Dataset excerpt -
"""

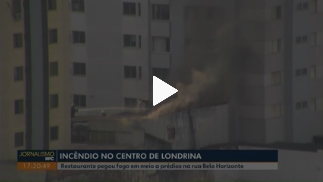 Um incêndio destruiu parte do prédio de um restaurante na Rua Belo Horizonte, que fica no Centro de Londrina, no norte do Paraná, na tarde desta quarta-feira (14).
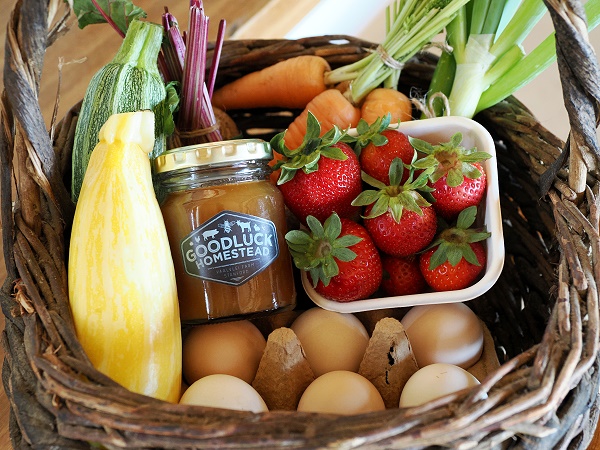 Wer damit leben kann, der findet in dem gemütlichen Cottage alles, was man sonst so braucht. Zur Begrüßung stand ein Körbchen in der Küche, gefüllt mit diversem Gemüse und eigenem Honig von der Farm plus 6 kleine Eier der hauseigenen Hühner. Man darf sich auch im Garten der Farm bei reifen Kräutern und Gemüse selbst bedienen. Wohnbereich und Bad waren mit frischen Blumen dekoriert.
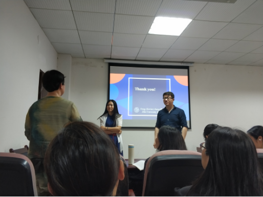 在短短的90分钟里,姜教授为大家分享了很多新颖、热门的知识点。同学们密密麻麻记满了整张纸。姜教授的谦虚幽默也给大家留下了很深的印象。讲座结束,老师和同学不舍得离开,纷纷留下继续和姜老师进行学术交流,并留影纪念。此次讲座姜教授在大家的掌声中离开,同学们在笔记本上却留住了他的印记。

"""

Task requirements - Please give the data above again in exact form and omit every picture.

Result of the task -
 Um incêndio destruiu parte do prédio de um restaurante na Rua Belo Horizonte, que fica no Centro de Londrina, no norte do Paraná, na tarde desta quarta-feira (14).
 Wer damit leben kann, der findet in dem gemütlichen Cottage alles, was man sonst so braucht. Zur Begrüßung stand ein Körbchen in der Küche, gefüllt mit diversem Gemüse und eigenem Honig von der Farm plus 6 kleine Eier der hauseigenen Hühner. Man darf sich auch im Garten der Farm bei reifen Kräutern und Gemüse selbst bedienen. Wohnbereich und Bad waren mit frischen Blumen dekoriert.
 在短短的90分钟里,姜教授为大家分享了很多新颖、热门的知识点。同学们密密麻麻记满了整张纸。姜教授的谦虚幽默也给大家留下了很深的印象。讲座结束,老师和同学不舍得离开,纷纷留下继续和姜老师进行学术交流,并留影纪念。此次讲座姜教授在大家的掌声中离开,同学们在笔记本上却留住了他的印记。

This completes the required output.